The objective of this study was to determine effects of
L-carnitine on aflatoxin B1
(AFB1)-DNA adduct formation in isolated rat hepatocytes,
its dose response, specificity and mode of action. All experiments were
conducted in either freshly isolated rat hepatocytes or cell-free
systems. There was negative linear correlation between the dosage of
carnitine and formation of [3H]AFB1-DNA
adducts in the hepatocytes; however, the partitioning of
AFB1 into cellular compartments was not affected by
carnitine.
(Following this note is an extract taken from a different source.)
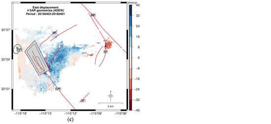 - Donnellan, A.; Parker, J.; Hensley, S.; Pierce, M.; Wang, J.; Rundle, J. UAVSAR observations of triggered slip on the Imperial, Superstition Hills, and East Elmore Ranch Faults associated with the 2010 M 7.2 El Mayor-Cucapah earthquake. Geochem. Geophys. Geosystems 2014, 15, 815–829. [Google Scholar] [CrossRef]

The attenuating effect of carnitine on AFB1-DNA
adduct formation was also present in a cell-free system, but there
was lack of specificity because acetylcarnitine and 
-aminobutyric
acid (GABA) were equally effective. Carnitine appears to interfere with
bioactivation of AFB1 and binding of
AFB1-epoxide to DNA. On the contrary, carnitine enhanced
the binding of AFB1 and its epoxide to microsomal proteins,
plasma proteins and bovine serum albumin. These results indicate that
carnitine diverts AFB1-epoxide away from DNA by promoting
binding to proteins. We conclude that modulation of AFB1
binding to proteins and DNA by carnitine alters the carcinogenic and
hepatotoxic potential of AFB1 and poses concerns about the
human AFB1-exposure data based on the
AFB1-albumin adduct concentrations as a biomarker.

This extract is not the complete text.